Find the second interval, approximation, and associated error.
$$ \begin{array}{rc|l} {\mbox{Finding the 2nd Interval}}\\ {} & x & f(x)\\ \hline \mbox{Current left-endpoint} & 5 & f(\red 5) =-625\\ \mbox{Midpoint} & 5.5 & f(\red{5.5}) = 535.25\\ \mbox{Current right-endpoint} & 6 & f(6) = 2059 \end{array} $$
Repeat Step 3 until the maximum error is smaller than the allowed tolerance.
$$ \begin{array}{rc|l} {\mbox{Finding the 3rd Interval}}\\ {} & x & f(x)\\ \hline \mbox{Current left-endpoint} & 5 & f(5) =-625\\ \mbox{Midpoint} & 5.25 & f(\red{5.25}) \approx -86.2\\ \mbox{Current right-endpoint} & 5.5 & f(\red{5.5}) = 535.25 \end{array} $$
$$ \begin{array}{rc|l} {\mbox{Finding the 4th Interval}}\\ {} & x & f(x)\\ \hline \mbox{Current left-endpoint} & 5.25 & f(\red{5.25}) \approx -86.2\\ \mbox{Midpoint} & 5.375 & f(\red{5.375}) \approx 213.7\\ \mbox{Current right-endpoint} & 5.5 & f(5.5) = 535.25 \end{array} $$
$$\frac 1 2 \cdot \sqrt[4]{12500} \approx 5.3125$$ with a maximum error of 0.0625.
Solve $$0.5^n(b-a)$$ for $$n$$ when $$a = 2$$ and $$b = 5$$
$$ \\ \begin{align*} 0.5^n(5-2) & = 0.01\\ 0.5^n\cdot 3 & =\frac 1 {10}\\[6pt] \left(\frac 1 2\right)^n & = \frac 1 {30}\\[6pt] n\cdot \ln\left(\frac 1 2\right) & = \ln\left(\frac 1 {30}\right)\\[6pt] n\cdot\left(\ln 1 - \ln 2\right) & \ln 1 - \ln 30\\[6pt] -n\ln 2 & = - \ln 30\\[6pt] n & = \frac{\ln 30}{\ln 2}\\[6pt] & \approx 4.90732 \end{align*} \\ $$
We will need to use at least 5 iterations in order to ensure the accuracy.

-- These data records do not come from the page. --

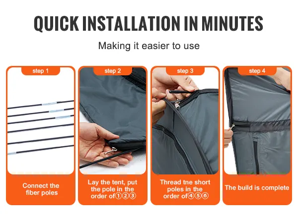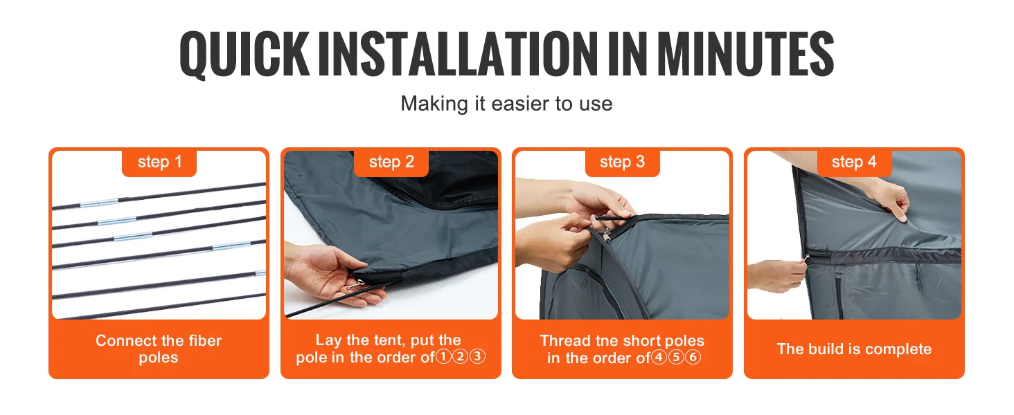 Een eenvoudig installatieproces bespaart u tijd en energie. In slechts een paar minuten richt u eenvoudig uw eigen privéruimte in, waardoor u sneller kunt genieten van de gezellige ruimte van de tent.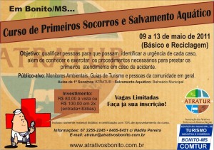 Com o intuito de proporcionar o melhor atendimento e segurança a todos que visitam Bonito/MS, a Associação dos Atrativos TurÃsticos de Bonito e Região - ATRATUR, realizará em Bonito/MS de 09 a 13 de maio de 2011 a 11ª edição do Curso de Primeiros Socorros e Salvamento Aquático, em parceria com o Corpo de Bombeiros de MS e Secretaria de Turismo de Bonito.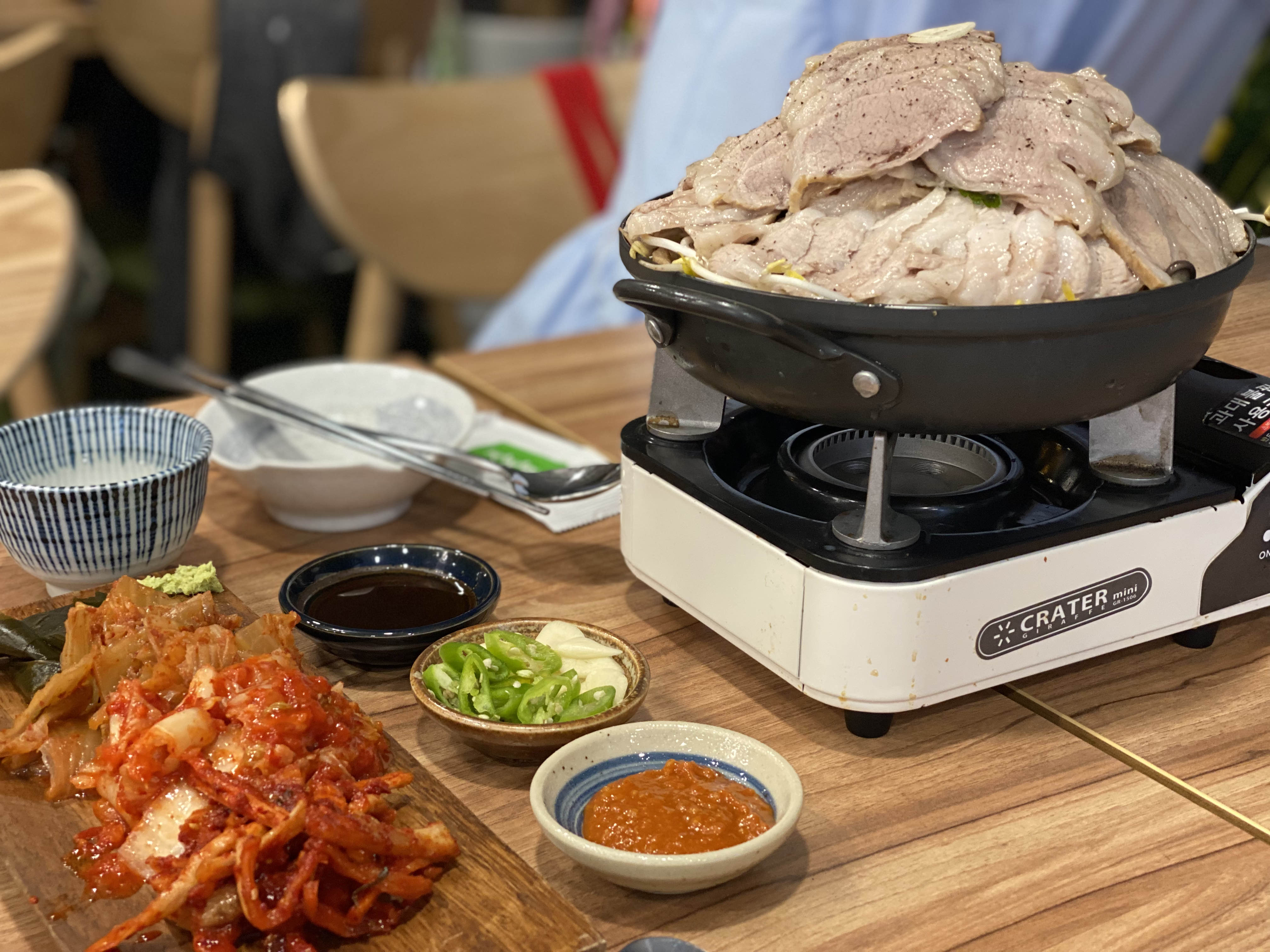 잠시 수다를 떨고 반찬을 맛보다가 메인 깍두기 살이 나왔어요. 일단 철판에 올리기로 했거든요.군침이 절로 나오거든요. 뭔가 양이 적은가 했더니 아니었어요.(처음에 배고파서 ㅋㅋ 그래서 매일 남겨도 나오게 되는 것 같아요….)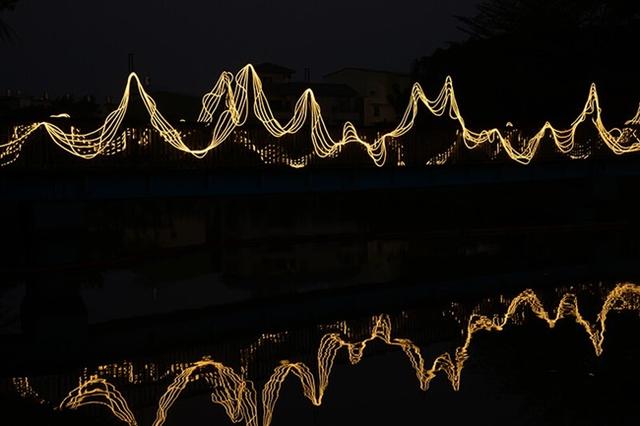 月津港燈節作品《光的織遇》,陳冠宏x陳思涵創作。作品利用軟性可曲折的環光燈條,編織出光的流動身影,定格出律動的光線,交織在曲橋的兩側;置身其中,能夠感受到由光的線與面所構成的光織場域。當夜色降臨,人們遠眺曲橋時,光線將織譜出視覺的浪漫樂章,與觀者相約在夢幻的光景中。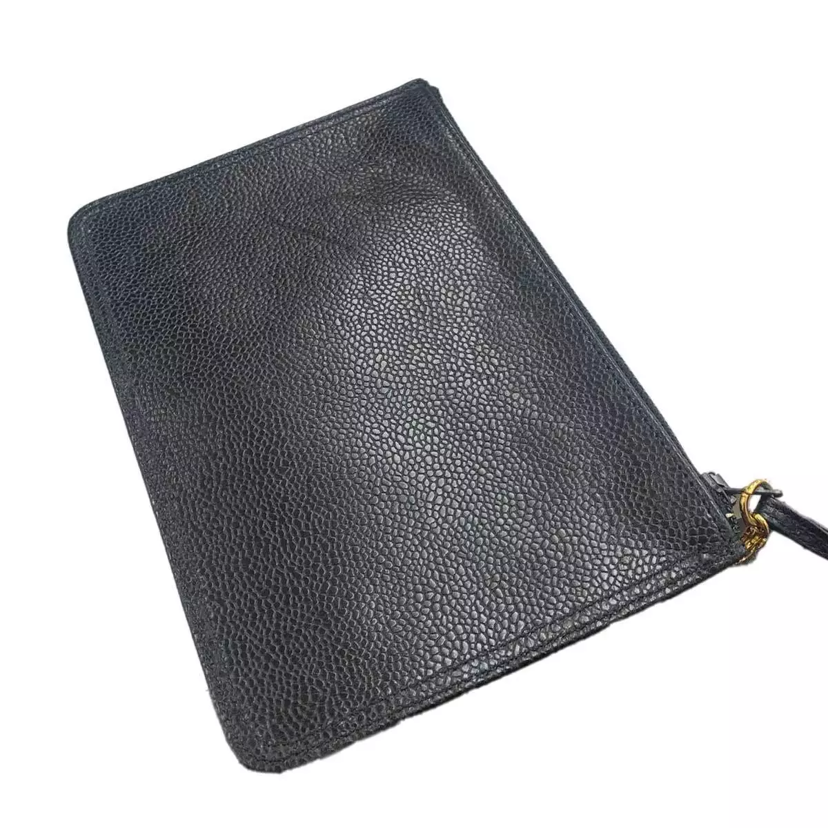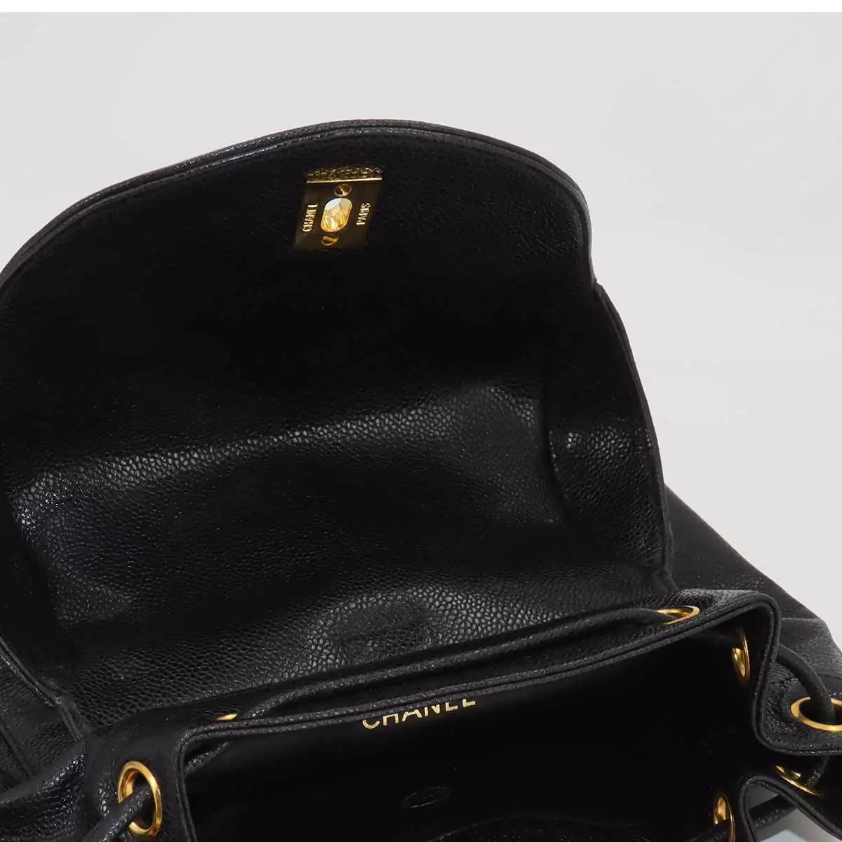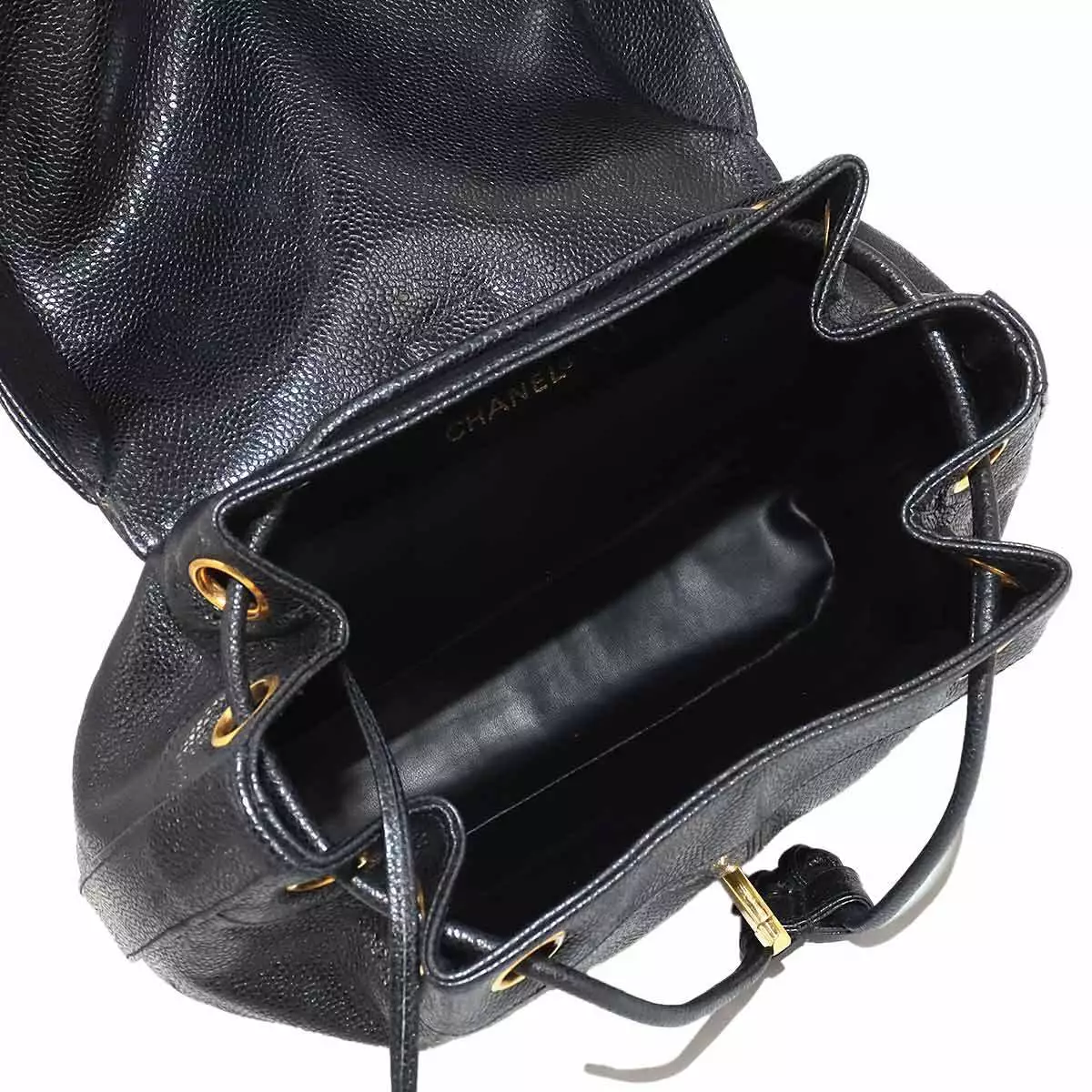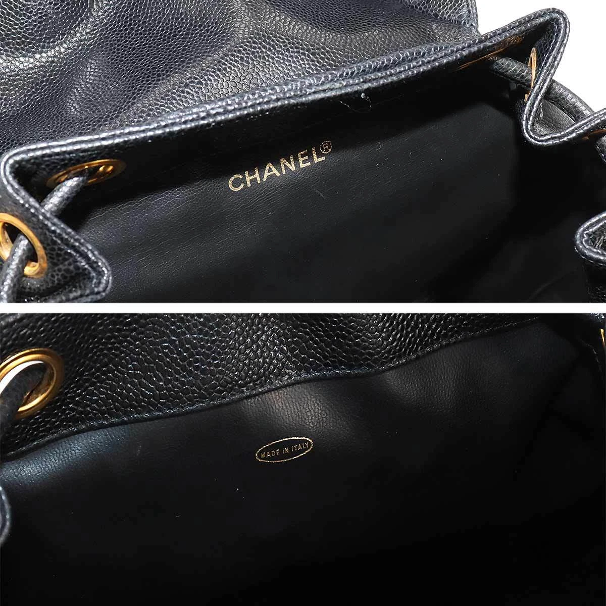 The exterior of this CHANEL Triple Coco Chain Backpack presents minimal surface abrasions, with isolated friction marks and minor scratches evident on both the caviar skin leather and metal hardware components. Interior assessment reveals comparable condition characteristics, with limited wear patterns consisting of slight friction points and superficial scratches on interior leather and metal elements.

Solve $$0.5^n(b-a) = 0.02$$ for $$n$$ when $$a = -1$$ and $$b = 1$$
$$ \\ \begin{align*} 0.5^n\left(1-(-1)\right) & = 0.02\\[6pt] \left(\frac 1 2\right)^n\cdot 2 & = \frac 1 {50}\\[6pt] \left(\frac 1 2\right)^n & = \frac 1 {100}\\[6pt] n\ln\left(\frac 1 2\right) & = \ln\left(\frac 1 {100}\right)\\[6pt] n\left(\ln 1 - \ln 2\right) & = \ln 1 - \ln 100\\[6pt] -n\ln 2 & = -\ln 100\\[6pt] n & = \frac{\ln 100}{\ln 2}\\[6pt] & \approx 6.64473 \end{align*} \\ $$
We will need at least 7 iterations before the error tolerance is reached.